Der Mensch, der entdeckt, daß er von einem Feind beherrscht wird,
ist in der Tat eine bedauernswerte Erscheinung. Er steht entsetzt da,
auf den verräterischen Zeigenden starrend und mit erhobenen Händen, um das tödliche Medium abzuwehren, daß sich in seiner Vor121
stellung in seinen Körper ergießt. Seine Wangen werden blaß und
seine Augen glasig, und sein Gesichtsausdruck wird furchtbar entstellt. Er versucht zu schreien, aber gewöhnlich bleibt ihm der Laut
im Halse stecken, und alles, was man sehen könnte, ist Schaum vor
dem Mund.
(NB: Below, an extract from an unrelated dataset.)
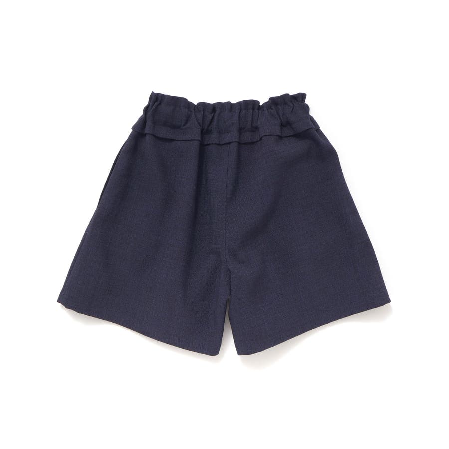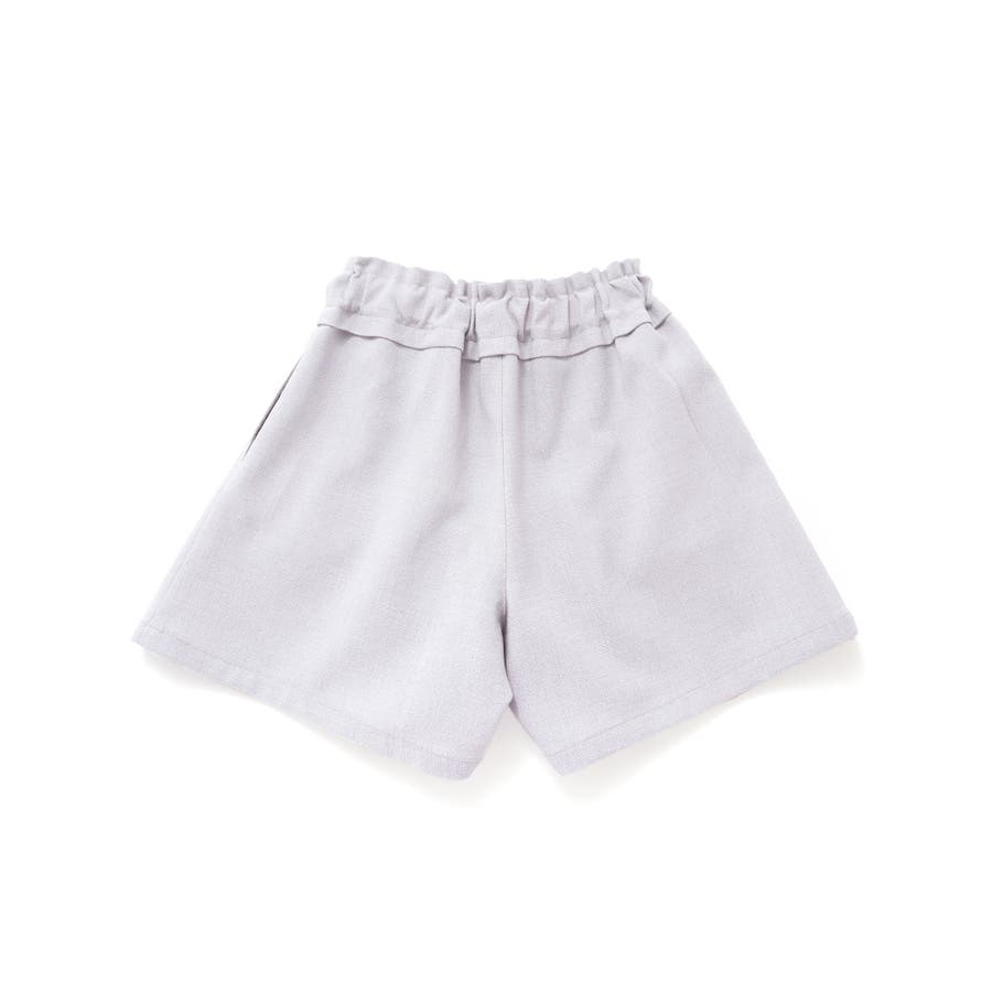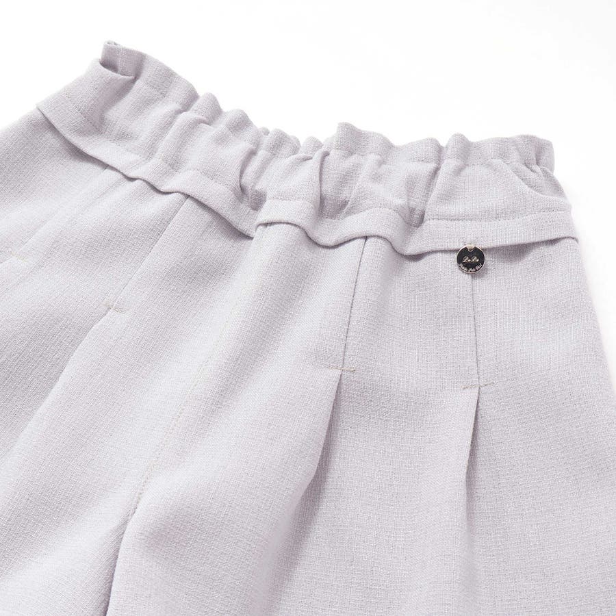 ボトムはタックが入ったふんわりシルエットのキュロットパンツ。

Sein Körper beginnt zu zittern, und seine Muskeln zukken unwillkürlich. Er schwankt, fällt zu Boden und scheint kurze
Zeit später in Ohnmacht zu liegen. Schließlich faßt er sich, geht zu
seiner Hütte und grämt sich dort zu Tode.176
R. J. W. Burrell, ein südafrikanischer Arzt, war in sechs Fällen Zeuge, als Bantunegern
mittleren Alters ein Fluch ins Gesicht geschleudert wurde.177 Jedem wurde gesagt: »Du
wirst bei Sonnenaufgang sterben.« Alle sechs starben. Die Autopsie ergab keine Todesursache.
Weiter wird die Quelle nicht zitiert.